The parser is strict, in the sense that it will throw an exception if it encounters anything it does not understand. To change this behavior set the EXCEPTION_ON_UNHANDLED module variable to False.

Usage examples

To use the file parse, simply feed the top level data structure a path to a data file and start to use it:

from PyExpLabSys.file_parsers.specs import SpecsFile
import matplotlib.pyplot as plt

file_ = SpecsFile('path_to_my_xps_file.xml')
# Access the regions groups by iteration
for region_group in file_:
    print '{} regions groups in region group: {}'.format(
        len(region_group), region_group.name)

# or by index
region_group = file_[0]

# And again access regions by iteration
for region in region_group:
    print 'region: {}'.format(region.name)

# or by index
region = region_group[0]

# or you can search for them from the file level
region = list(file_.search_regions('Mo'))[0]
print region
# NOTE the search_regions method returns a generator of results, hence the
# conversion to list and subsequent indexing

# From the regions, the x data can be accessed either as kinetic
# or binding energy (for XPS only) and the y data can be accessed
# as averages of the counts, either as pure count numbers or as
# counts per second. These options works independently of each
# other.

# counts as function of kinetic energy
plt.plot(region.x, region.y_avg_counts)
plt.show()

# cps as function of binding energy
plt.plot(region.x_be, region.y_avg_cps)
plt.show()

# Files also have a useful str representation that shows the hierachi
print file_

Notes

The file format seems to basically be a dump, of a large low level data structure from the implementation language. With an appropriate mapping of low level data structure types to python types (see details below and in the simple_convert function), this data structure could have been mapped in its entirety to python types, but in order to provide a more clear data structure a more object oriented approach has been taken, where the top most level data structures are implemented as classes. Inside of these classes, the data is parsed into numpy arrays and the remaining low level data structures are parsed in python data structures with the simple_convert function.

Module Documentation

PyExpLabSys.file_parsers.specs.simple_convert(element)[source]

Converts a XML data structure to pure python types.

Parameters:element (xml.etree.ElementTree.Element) – The XML element to convert
Returns:A hierachi of python data structure
Return type:object

Simple element types are converted as follows:

XML type | Python type
string str
ulong long
double float
boolean bool
struct dict
sequence list

Arrays are converted to numpy arrays, wherein the type conversion is:

XML type | Python type
ulong numpy.uint64
double numpy.double

Besides these types there are a few special elements that have a custom conversion.

  • Enum are simply converted into their value, since enums are considered to be a program implementation detail whose information is not relavant for a data file parser
  • Any is skipped and replaced with its content
class PyExpLabSys.file_parsers.specs.SpecsFile(filepath, encoding=None)[source]

Bases: list

This is the top structure for a parsed file which represents a list of RegionGroups

The class contains a ‘filepath’ attribute.

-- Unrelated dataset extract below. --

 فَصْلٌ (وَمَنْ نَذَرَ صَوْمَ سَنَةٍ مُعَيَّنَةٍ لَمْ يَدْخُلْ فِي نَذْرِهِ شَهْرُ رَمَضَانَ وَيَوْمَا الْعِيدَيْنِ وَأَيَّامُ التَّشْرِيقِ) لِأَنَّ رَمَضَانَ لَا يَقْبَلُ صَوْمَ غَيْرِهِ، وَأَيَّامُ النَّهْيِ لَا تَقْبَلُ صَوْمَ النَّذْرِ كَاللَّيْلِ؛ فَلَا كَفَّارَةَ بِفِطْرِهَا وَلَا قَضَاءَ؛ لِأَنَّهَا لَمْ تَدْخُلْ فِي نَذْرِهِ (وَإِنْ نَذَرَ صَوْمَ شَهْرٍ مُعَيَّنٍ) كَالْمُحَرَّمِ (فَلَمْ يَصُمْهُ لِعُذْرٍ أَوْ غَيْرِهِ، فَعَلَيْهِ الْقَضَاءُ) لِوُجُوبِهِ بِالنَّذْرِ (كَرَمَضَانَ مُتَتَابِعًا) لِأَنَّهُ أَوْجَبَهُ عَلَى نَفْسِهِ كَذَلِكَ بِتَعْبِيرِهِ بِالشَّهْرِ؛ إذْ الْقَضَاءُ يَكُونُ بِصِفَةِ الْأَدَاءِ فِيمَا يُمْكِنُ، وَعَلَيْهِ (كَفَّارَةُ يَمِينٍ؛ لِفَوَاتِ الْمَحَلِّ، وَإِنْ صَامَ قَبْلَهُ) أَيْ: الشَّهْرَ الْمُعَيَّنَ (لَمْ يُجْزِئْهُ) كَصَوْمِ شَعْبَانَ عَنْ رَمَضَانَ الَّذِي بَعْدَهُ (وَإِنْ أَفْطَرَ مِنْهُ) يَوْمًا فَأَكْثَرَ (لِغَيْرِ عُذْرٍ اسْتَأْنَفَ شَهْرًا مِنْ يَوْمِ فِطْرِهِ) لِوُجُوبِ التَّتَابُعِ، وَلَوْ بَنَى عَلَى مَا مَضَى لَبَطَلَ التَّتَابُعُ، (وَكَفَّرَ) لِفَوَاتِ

__init__(filepath, encoding=None)[source]

Parse the XML and initialize the internal variables

regions_iter

Returns a iteration over the regions

search_regions_iter(search_term)[source]

Returns an generator of search results for regions by name

Parameters:search_term (str) – The term to search for (case sensitively)
Returns:An iterator of maching regions
Return type:generator
search_regions(search_term)[source]

Returns an list of search results for regions by name

Parameters:search_term (str) – The term to search for (case sensitively)
Returns:A list of matching regions
Return type:list
unix_timestamp

Returns the unix timestamp of the first region

get_analysis_method()[source]

Returns the analysis method of the file

Raises:ValueError – If more than one analysis method is used
class PyExpLabSys.file_parsers.specs.RegionGroup(xml)[source]

Bases: list

Class that represents a region group, which consist of a list of regions

The class contains a ‘name’ and and ‘parameters’ attribute.

__init__(xml)[source]

Initializes the region group

Expects to find 3 subelement; the name, regions and parameters. Anything else raises an exception.

Parsing parameters is not supported and therefore logs a warning if there are any.

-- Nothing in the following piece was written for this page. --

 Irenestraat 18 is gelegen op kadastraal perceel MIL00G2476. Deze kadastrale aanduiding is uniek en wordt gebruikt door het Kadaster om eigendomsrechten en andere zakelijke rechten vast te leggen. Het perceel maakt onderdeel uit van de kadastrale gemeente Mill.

class PyExpLabSys.file_parsers.specs.Region(xml)[source]

Bases: object

Class that represents a region

The class contains attributes for the items listed in the ‘information_names’ class variable.

Some useful ones are:
  • name: The name of the region
  • region: Contains information like, dwell_time, analysis_method, scan_delta, excitation_energy etc.

All auxiliary information is also available from the ‘info’ attribute.

__init__(xml)[source]

Parse the XML and initialize internal variables

Parameters:xml (xml.etree.ElementTree.Element) – The region XML element
x

Returns the kinetic energy x-values as a Numpy array

x_be

Returns the binding energy x-values as a Numpy array

iter_cycles

Returns a generator of cycles

Each cycle is in itself a generator of lists of scans. To iterate over single scans do:

for cycle in self.iter_cycles:
    for scans in cycle:
        for scan in scans:
            print scan

or use iter_scans, which do just that.

iter_scans

Returns an generator of single scans, which in themselves are Numpy arrays

y_avg_counts

Returns the average counts as a Numpy array

y_avg_cps

Returns the average counts per second as a Numpy array

unix_timestamp

Returns the unix timestamp of the first cycle

exception PyExpLabSys.file_parsers.specs.NotXPSException[source]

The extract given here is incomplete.